Stored data:
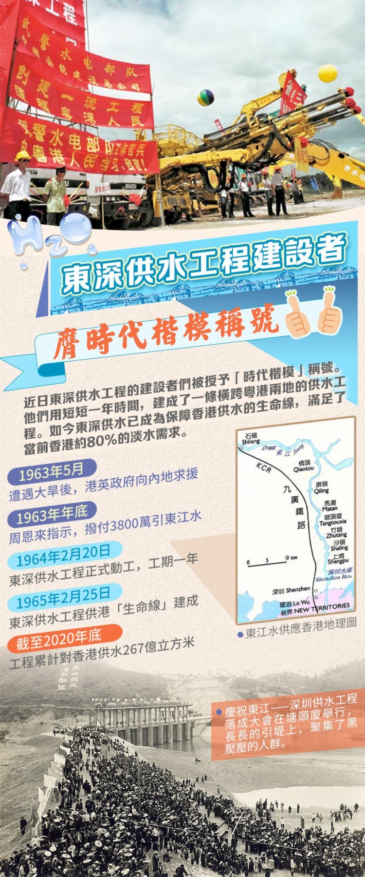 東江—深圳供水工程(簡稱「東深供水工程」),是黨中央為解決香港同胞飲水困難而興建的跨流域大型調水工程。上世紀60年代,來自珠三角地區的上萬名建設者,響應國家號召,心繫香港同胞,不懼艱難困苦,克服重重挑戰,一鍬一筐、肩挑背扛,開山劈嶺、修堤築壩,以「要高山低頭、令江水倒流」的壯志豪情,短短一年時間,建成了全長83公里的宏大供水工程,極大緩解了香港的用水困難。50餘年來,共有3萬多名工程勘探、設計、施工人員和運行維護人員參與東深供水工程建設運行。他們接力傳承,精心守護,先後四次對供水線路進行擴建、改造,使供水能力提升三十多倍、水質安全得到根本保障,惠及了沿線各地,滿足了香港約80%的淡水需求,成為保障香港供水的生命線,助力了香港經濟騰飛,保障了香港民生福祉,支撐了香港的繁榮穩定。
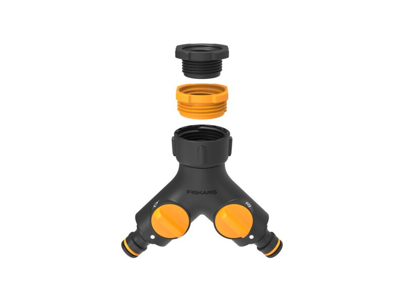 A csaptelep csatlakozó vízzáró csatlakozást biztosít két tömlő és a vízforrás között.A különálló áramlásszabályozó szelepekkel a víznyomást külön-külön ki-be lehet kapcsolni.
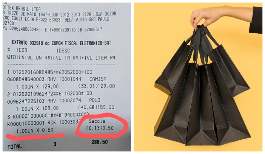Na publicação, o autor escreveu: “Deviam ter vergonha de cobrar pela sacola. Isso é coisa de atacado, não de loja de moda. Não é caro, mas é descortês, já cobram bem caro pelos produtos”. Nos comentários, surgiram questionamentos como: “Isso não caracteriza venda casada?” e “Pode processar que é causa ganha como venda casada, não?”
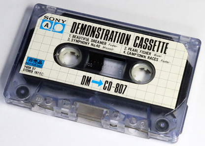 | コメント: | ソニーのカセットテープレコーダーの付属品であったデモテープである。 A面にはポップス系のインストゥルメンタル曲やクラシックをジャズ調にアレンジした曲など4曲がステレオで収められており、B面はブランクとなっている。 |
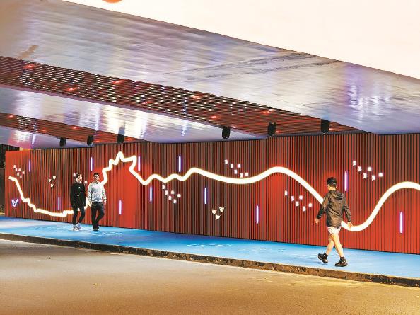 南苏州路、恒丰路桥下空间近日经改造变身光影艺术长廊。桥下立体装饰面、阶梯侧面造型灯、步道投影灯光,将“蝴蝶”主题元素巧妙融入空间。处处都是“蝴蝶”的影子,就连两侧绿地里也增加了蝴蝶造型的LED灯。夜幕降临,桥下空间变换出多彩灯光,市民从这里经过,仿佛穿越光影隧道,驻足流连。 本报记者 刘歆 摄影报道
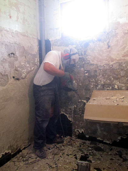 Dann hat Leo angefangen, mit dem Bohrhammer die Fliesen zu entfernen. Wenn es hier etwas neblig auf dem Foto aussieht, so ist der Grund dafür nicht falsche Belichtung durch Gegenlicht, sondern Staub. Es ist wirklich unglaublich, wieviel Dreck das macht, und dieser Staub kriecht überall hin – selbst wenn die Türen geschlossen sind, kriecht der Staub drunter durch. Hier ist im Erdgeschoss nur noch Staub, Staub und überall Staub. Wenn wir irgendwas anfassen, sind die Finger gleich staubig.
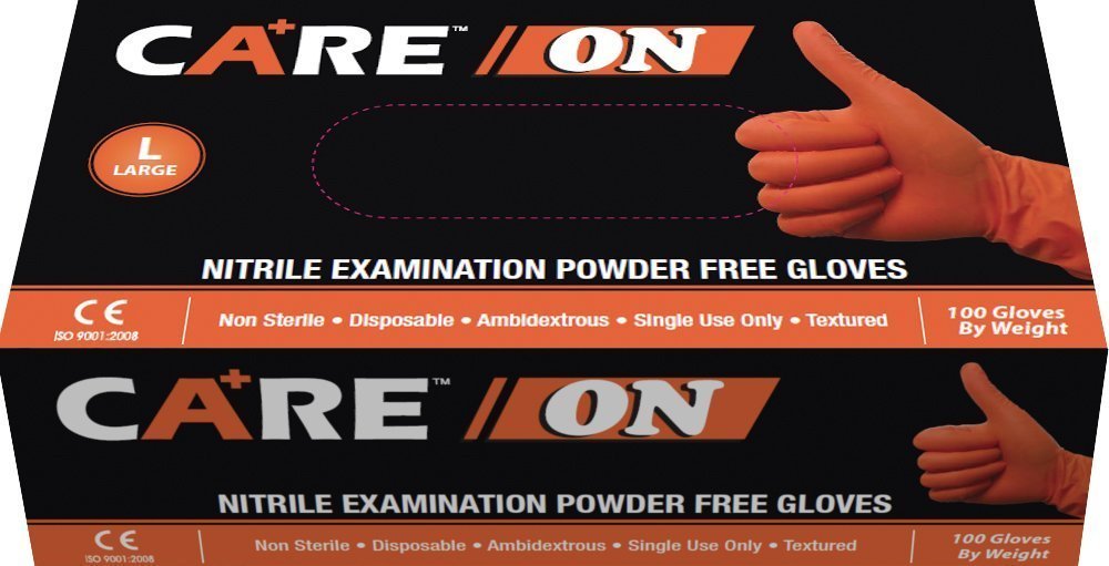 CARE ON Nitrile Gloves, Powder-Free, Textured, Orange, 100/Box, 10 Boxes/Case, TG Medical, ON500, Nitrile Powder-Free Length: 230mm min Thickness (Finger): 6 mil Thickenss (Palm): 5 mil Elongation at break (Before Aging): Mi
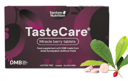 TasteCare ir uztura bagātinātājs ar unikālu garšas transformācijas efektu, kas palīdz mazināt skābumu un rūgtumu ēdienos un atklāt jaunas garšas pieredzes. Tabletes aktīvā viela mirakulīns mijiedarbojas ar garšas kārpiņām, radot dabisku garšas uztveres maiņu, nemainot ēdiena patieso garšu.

▸ **WHAT TO DO**
From the records above, copy exactly the lines starting at the one with "Na publicação, o" and ending at the one with "コメント: | ソニーのカセットテープレコーダーの付属品であったデモテープである。", and no others. Pictures stay out.

▸ **RESPONSE AREA**
Na publicação, o autor escreveu: “Deviam ter vergonha de cobrar pela sacola. Isso é coisa de atacado, não de loja de moda. Não é caro, mas é descortês, já cobram bem caro pelos produtos”. Nos comentários, surgiram questionamentos como: “Isso não caracteriza venda casada?” e “Pode processar que é causa ganha como venda casada, não?”
 | コメント: | ソニーのカセットテープレコーダーの付属品であったデモテープである。 A面にはポップス系のインストゥルメンタル曲やクラシックをジャズ調にアレンジした曲など4曲がステレオで収められており、B面はブランクとなっている。 |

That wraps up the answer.